Lobbying disclosure records show that Steven Hart’s firm, Williams & Jensen PLLC, reported lobbying EPA in 2017 on behalf of at least two of its clients, OGE Energy Corp. and Owens-Illinois Inc. In addition, Pruitt had at least one meeting with OGE executives and its Williams & Jensen lobbyist and had another meeting with Oklahoma Gas & Electric Co., the company’s subsidiary, according to EPA records.
Hart is reported to have lobbied EPA on behalf of the glass container manufacturer Owens-Illinois, but he told E&E News that those lobbying forms were in error.
"I am incorrectly listed on OI and ask[ed] the partner who runs the account to make a correction," said Hart, chairman and CEO of Williams & Jensen, in an email. He added that he does not lobby the agency.
"I do not lobby the EPA. I have had no lobbying contact with the EPA in 2017 or 2018 for the 2 clients listed or any others."
Williams & Jensen earned $520,000 in lobbying fees from Owens-Illinois last year. The firm lobbied EPA on regulations, including greenhouse gas rules, according to records.
The lobby firm also earned $400,000 in fees from OGE Energy in 2017. Records show Williams & Jensen lobbyists lobbied EPA for the electric company during the last half of the prior year on agency rules, including its regulations affecting utility plants.
The Williams & Jensen lobbyist acting on OGE Energy’s behalf, George Baker, was also listed as attending a meeting with Pruitt and other OGE executives last March, according to the administrator’s private calendar obtained by E&E News under the Freedom of Information Act. Detailed on his public calendar, Pruitt was also slated to attend a meeting in EPA headquarters with Oklahoma Gas & Electric a few weeks ago.
Hart said he was not aware of those meetings with Pruitt.
"I was not in those meetings and had no knowledge of them until I read this," Hart said.
Hart and EPA on the defensive
Steven and Vicki Hart contributed more than $1,700 to Pruitt’s state campaigns, starting with a $500 gift shortly before he was elected attorney general in 2010. Steven Hart, a prolific Republican donor on K Street, put another $1,600 in 2014 toward a fundraising reception shortly before Pruitt won re-election as attorney general.
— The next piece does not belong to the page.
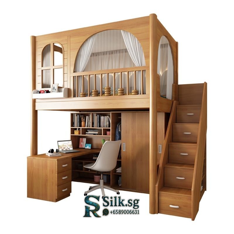 Maximize your space with this versatile loft bed that combines a sturdy sleeping area with a built-in desk and wardrobe. Perfect for students or small apartments, it offers a smart, all-in-one solution for sleeping, studying, and storage. Transform your room into a cozy, organized haven today.
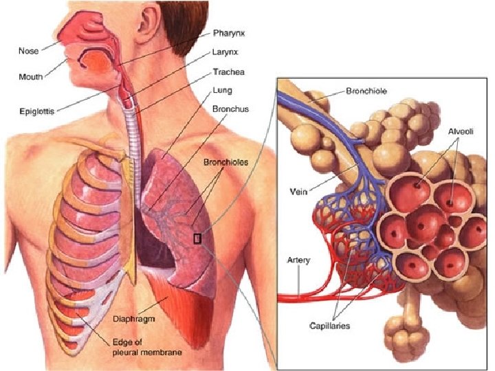 § Emphysma: is the progressive loss of lung function in which alveoli (air sacs) lose their elasticity and breakdown resulting in a loss of respiratory surface in the lungs. § Shortness of breath is the chief symptom (smoking frequently leads to this disorder).

Also in 2015, Hart donated $1,000 to Oklahoma Strong Leadership PAC, a federal political committee affiliated with Pruitt. The group’s treasurer, Kenneth Wagner, is now a top aide to Pruitt at EPA.
But Hart, an Oklahoman, said, "Pruitt is a casual friend of many years but I have had no contact with him for months except for a brief pass by at the National Prayer Breakfast."
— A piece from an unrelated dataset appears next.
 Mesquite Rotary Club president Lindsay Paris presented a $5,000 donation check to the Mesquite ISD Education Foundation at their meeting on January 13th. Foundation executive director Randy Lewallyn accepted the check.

Hart said the ABC News story was "misleading at best."
"Pruitt signed a market-based, short-term lease and paid regularly. There is no ethics issue," Hart said. "I have no ownership interest in the property. My wife does no work with the EPA."
Bloomberg News reported last night that Pruitt paid $50 a night for a single bedroom in the condo, but only when he slept there. The EPA chief paid $6,100 overall to use the room for roughly six months.
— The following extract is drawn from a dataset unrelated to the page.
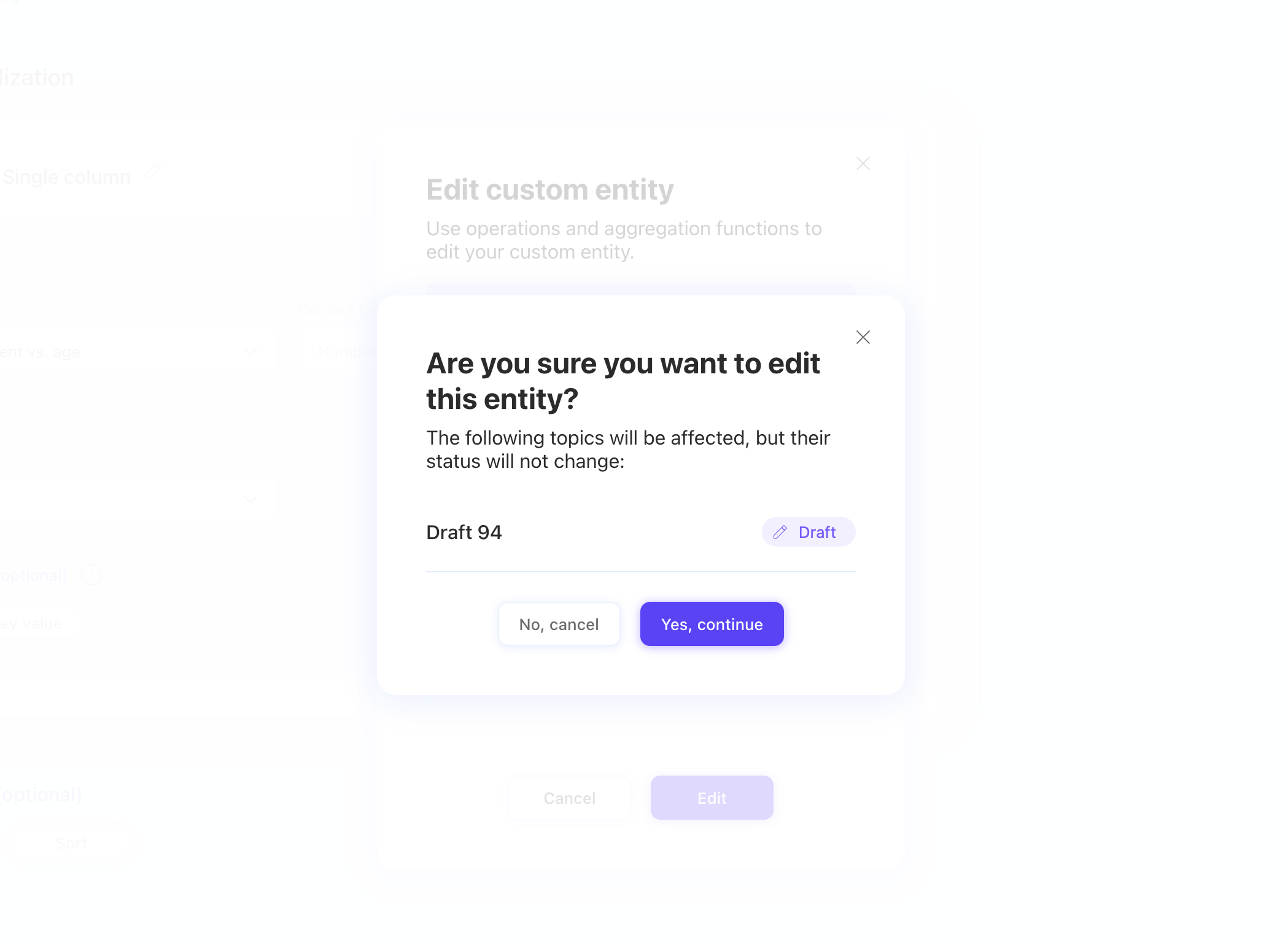 N.B.: quando modifichi un'entità personalizzata, un messaggio ti avviserà sui topic che saranno influenzati dalla modifica. Il loro stato non cambierà:

EPA spokesman Jahan Wilcox said Pruitt was out of the condo by last July.
"While transitioning to Washington, Administrator Pruitt signed a lease to rent a bedroom in a condo and he moved out at the end of July," Wilcox said.
Wilcox also shared with E&E News a statement by Justina Fugh, EPA’s senior counsel for ethics, on Pruitt’s rental agreement.
"I don’t conclude that this is a prohibited gift at all. It was a routine business transaction and permissible even if from a personal friend," Fugh said.
ABC News also reported today that sources say Pruitt’s adult daughter stayed with the EPA chief in the condo’s second bedroom — despite agency statements that Pruitt paid for just one bedroom — when she worked as a clerk in the White House counsel’s office this summer.
Public interest watchdogs have asked whether it was a prohibited gift under federal ethics laws as well as whether it should have been blocked by the gift ban in President Trump’s executive order on ethics.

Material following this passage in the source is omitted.